The Hawke government and education 1983–1985

Abstract
Education was a major component of the platform and performance of the Whitlam governments. Under Fraser, projects were abandoned and overall growth ceased. The needs principle for aid to non‐government schools was undermined by the emphasis on unrestricted access to alternatives to the State system. Pressure grew for schooling to reflect and service the needs of the market place. The 1983 election campaign scarcely mentioned education although special interests ensured that traditional commitments were secured. Once in power, the Hawke government tended to ignore these and maintained constraints on education spending.
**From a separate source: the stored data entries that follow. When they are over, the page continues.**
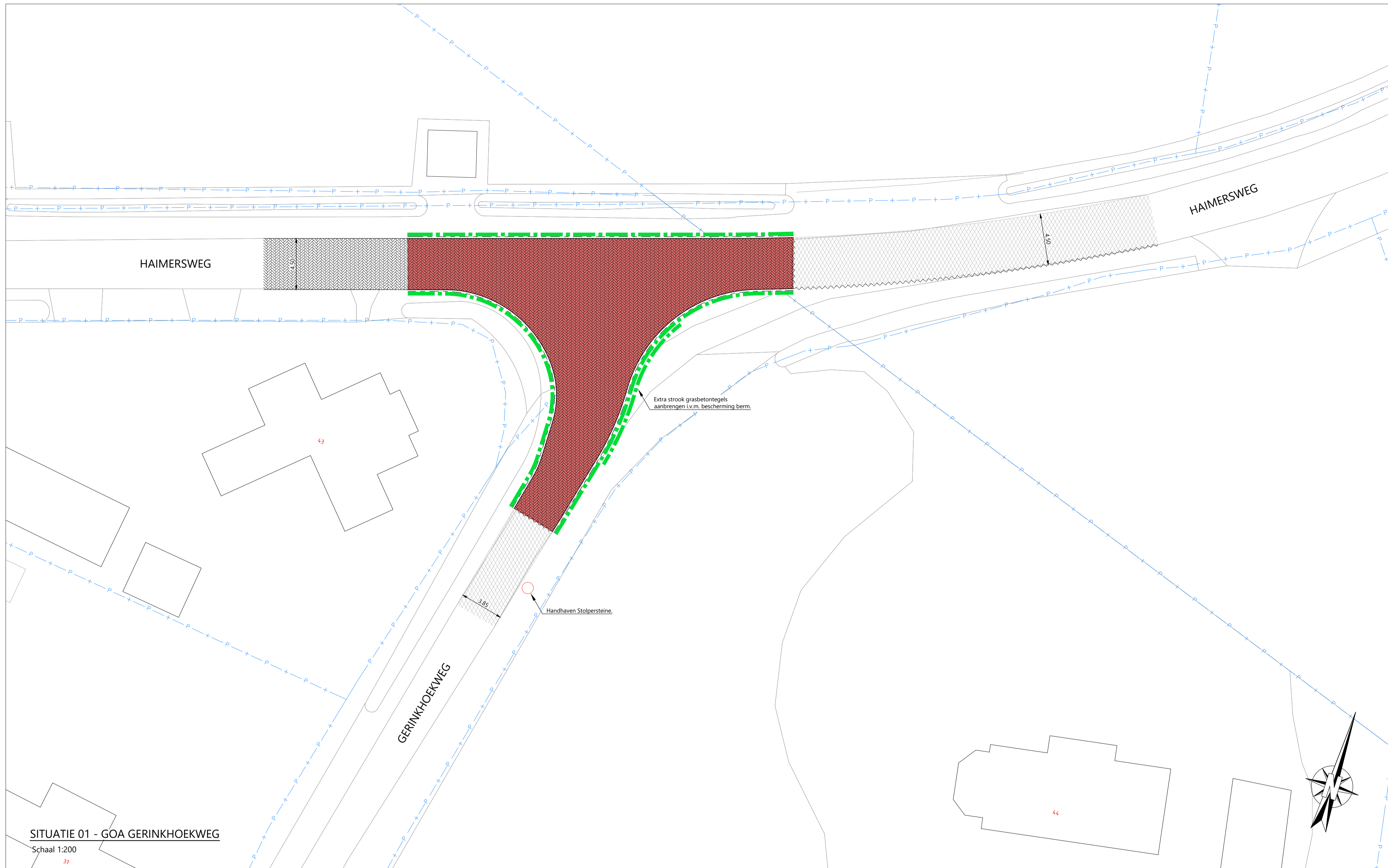
SITUATIE 01 - GOA GERINKHOEKWEG Schaal 1:200
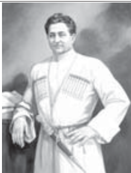
Улут коллегияны члени болуп ишленгенди. Аны бля бирге ара басманы коллегиясыны куурамына да киргенди. Адыгены Москвада келечилигине председателилык да эткенди. ВЦИК-нин коллегияны башчылыгына киргенди. Районларында маданият, экономика эмд политика ишлене тамамлауга ююш куошкандын.
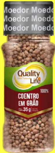
CÓD: 6336 - COENTRO EM GRÃO 35g CX: 6X35g - EAN: 7 896547 903231
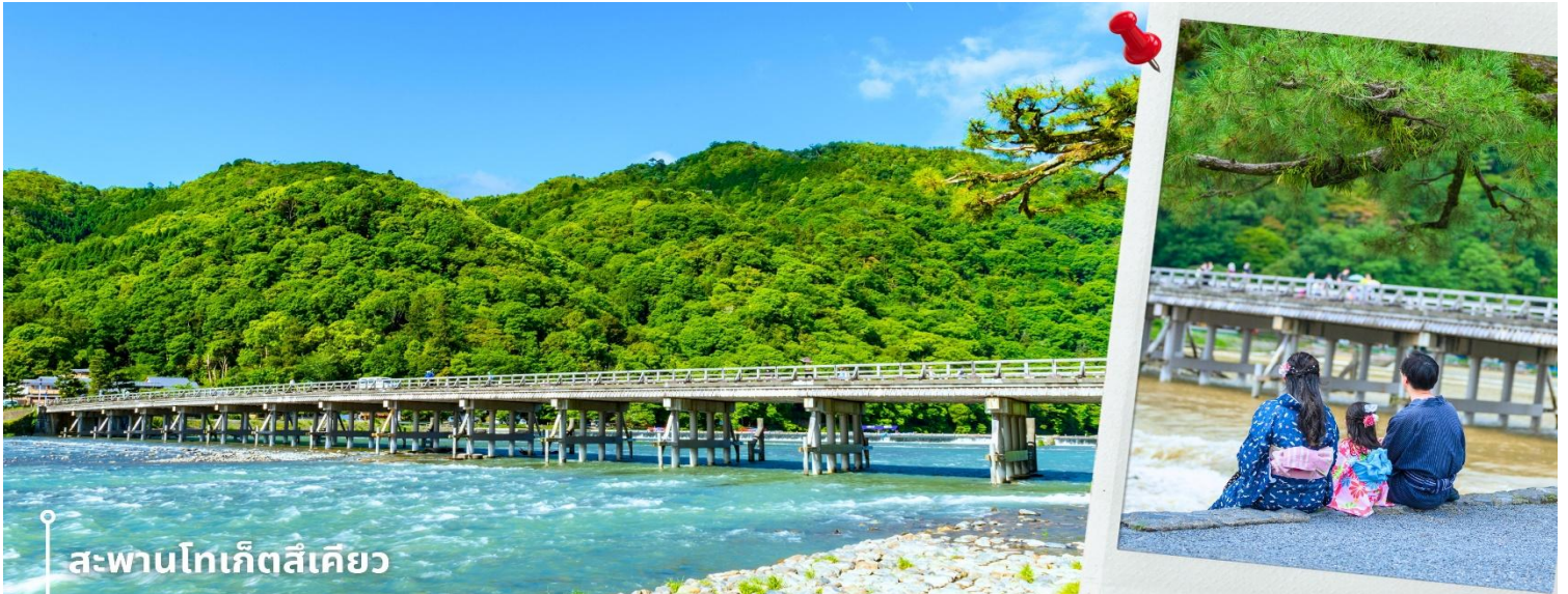
สะพานโทเก็ตสึเคียว

จากนั้นนำท่านสู่ สะพานโทเก็ตสึเคียว ตั้งอยู่ในบริเวณอารายาม่า จังหวัดเกียวโต เป็นสะพานข้ามแม่น้ำคัตสึระ (Katsura River) ตัวสะพานโทเก็ตสึเคียวดั้งเดิมนั้นเป็นสะพานไม้ทั้งหมด สร้างขึ้นในปี ค.ศ. 836 ส่วนสะพานที่เห็นในปัจจุบันนั้นสร้างขึ้นเมื่อปี ค.ศ. 1934 มีความยาว 155 เมตร และความกว้าง 12.2 เมตร โดยมีการสร้างให้ช่วงฐานเป็นคอนกรีตเสริมเหล็ก แต่ยังคงใช้ราวสะพานไม้เพื่อกองเอกลักษณ์ดั้งเดิมไว้ที่สะพานแห่งนี้ ท่านจะได้สัมผัสบรรยากาศธรรมชาติที่รายล้อมไปด้วยต้นไม้เขียวชะอุ่ม ทั่วบริเวณโดยรอบสุด อากาศอันสดชื่น และชมวิวธรรมชาติที่งดงามอย่างเต็มที
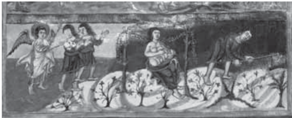
Fig. 9. Biblia de Moutier-Grandval, Tours, 840, Londres, BL, Add. 10546, f. 5v: Expulsión del Paraíso, Los trabajos de Adán y Eva.

como las figuras de apóstoles en las jambas, a las que habría pertenecido, según V. Nodar y S. Fernández, un San Pedro reutilizado en el friso de Platerías 22 .
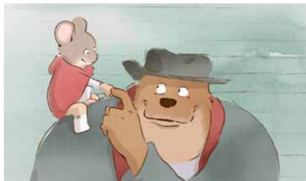
Ernest et Célestine

L'adaptation tant attendue des livres pour enfants de l'auteure belge Gabrielle Vincent. Benjamin Renner, réalisateur du film, Didier Brunner (Les Armateurs) et Vincent Tavier (La Partie), producteurs du film, et les animateurs et co-réalisateurs du film Vincent Patar et Stéphane Aubier, seront présents pour témoigner de cette grande aventure.
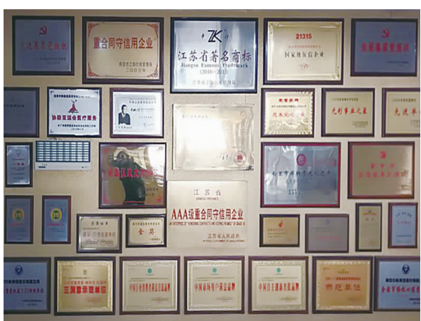
中科历年质量奖牌墙(局部)

中科及中科系列产品荣获了第十四届全国发明展览会金奖、中国著名品牌、诚信双优品牌、江苏省著名商标、连续18年参加中国国际高新技术成果交易会，并多次获得“优秀产品奖”、首届灵芝产品博览会金奖、优秀专利新产品一等奖、信誉保证产品、江苏省重质量、讲诚信、创品牌三满意示范单位、国家级征信企业、2017年香港最受医护人员欢迎品牌“健康品牌大奖”，2017年度3·15创建诚信经营放心消费单位等。
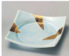
ミ100-119 青白金彩正角皿 11.5×11.5×2.3cm (磁) JPN 2,400円

Naive attempts in 1983 to implement the policy of reducing grants to wealthy private schools resulted, by 1984, in a bruised and shaken Hawke government having to placate the powerful private school/Catholic bishops lobby with a generously funded ‘historic settlement’ of the State Aid debate. The Participation and Equity Program was introduced to increase participation in post‐compulsory education, particularly by disadvantaged groups. Initially the depressed state of tertiary education was not addressed by the Hawke government which continued the neglect characteristic of the Fraser years. Hawke was returned to office in 1984 on a platform which had as little to say about education as it had in 1983. The rhetoric and practice of the Hawke government has tended to reflect a view of education which is highly economic and instrumental in orientation. A crude nexus is seen to exist between educational spending and productive employment, a view which excludes any concern for the social benefits of education or a longer‐term perspective about the value of intellectual endeavour. Labor's traditional ideals and objectives of widening access to education and hence social and economic power are in danger of being ignored. If economic considerations alone continue to dominate policy, the legacy of the Hawke government may well be a set of educational policies which are destined, on balance, to increase rather than reduce inequalities in our society.